### ASSIGNMENT
Please reproduce the lines from the one containing "Black, Asime, Knee-Length" through the end of the data below exactly as they stand, and omit all pictures.

[Dataset items]
□ □ □ □

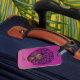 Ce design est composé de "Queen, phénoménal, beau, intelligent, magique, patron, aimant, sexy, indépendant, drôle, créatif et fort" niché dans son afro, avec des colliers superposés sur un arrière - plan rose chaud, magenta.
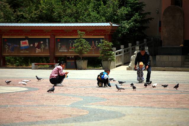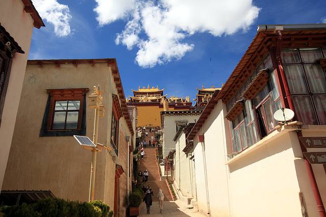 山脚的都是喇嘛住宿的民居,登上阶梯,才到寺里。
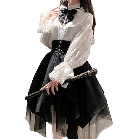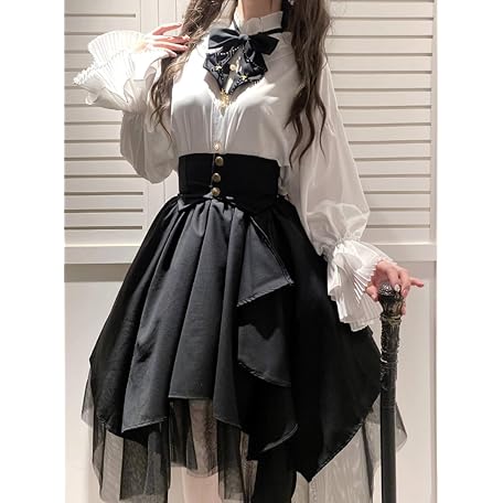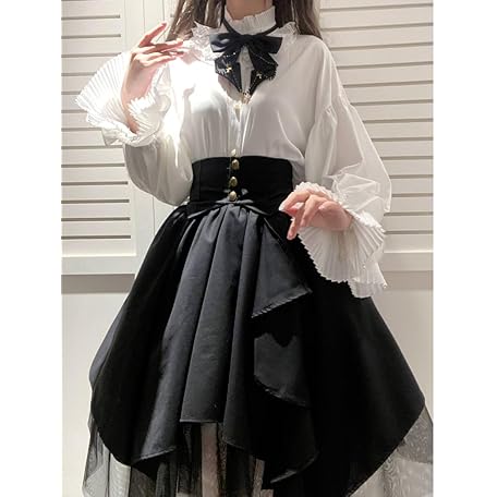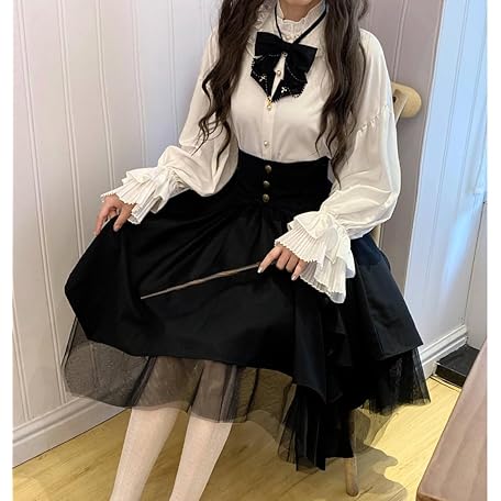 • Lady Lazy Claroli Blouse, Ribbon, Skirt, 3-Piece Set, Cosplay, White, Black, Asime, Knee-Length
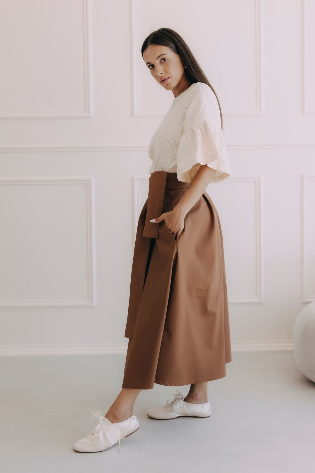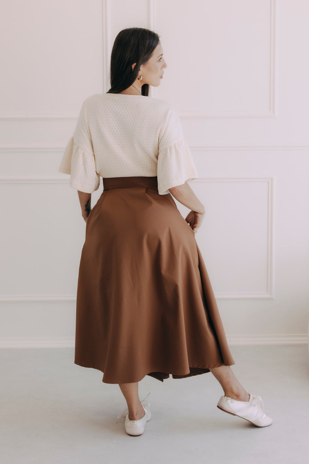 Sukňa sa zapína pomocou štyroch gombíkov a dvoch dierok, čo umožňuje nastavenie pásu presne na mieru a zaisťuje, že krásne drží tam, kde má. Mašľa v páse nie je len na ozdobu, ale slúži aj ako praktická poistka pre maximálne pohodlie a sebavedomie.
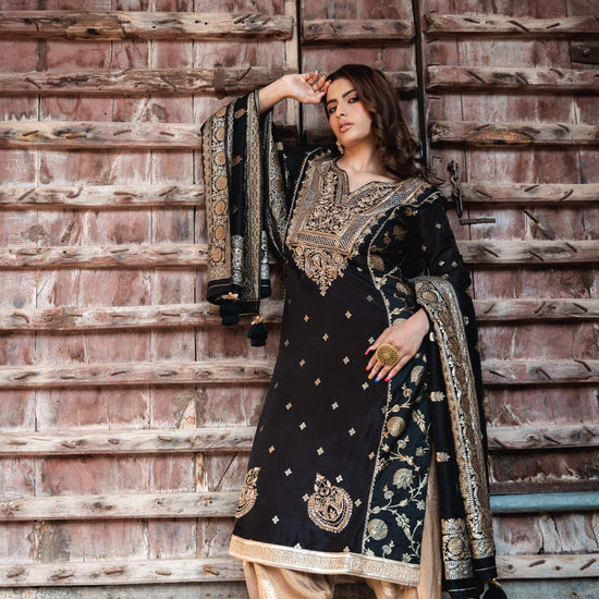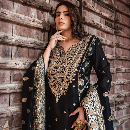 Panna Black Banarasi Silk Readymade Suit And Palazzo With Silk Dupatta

□ □ □ □

### EXERCISE OUTPUT
 • Lady Lazy Claroli Blouse, Ribbon, Skirt, 3-Piece Set, Cosplay, White, Black, Asime, Knee-Length
 Sukňa sa zapína pomocou štyroch gombíkov a dvoch dierok, čo umožňuje nastavenie pásu presne na mieru a zaisťuje, že krásne drží tam, kde má. Mašľa v páse nie je len na ozdobu, ale slúži aj ako praktická poistka pre maximálne pohodlie a sebavedomie.
 Panna Black Banarasi Silk Readymade Suit And Palazzo With Silk Dupatta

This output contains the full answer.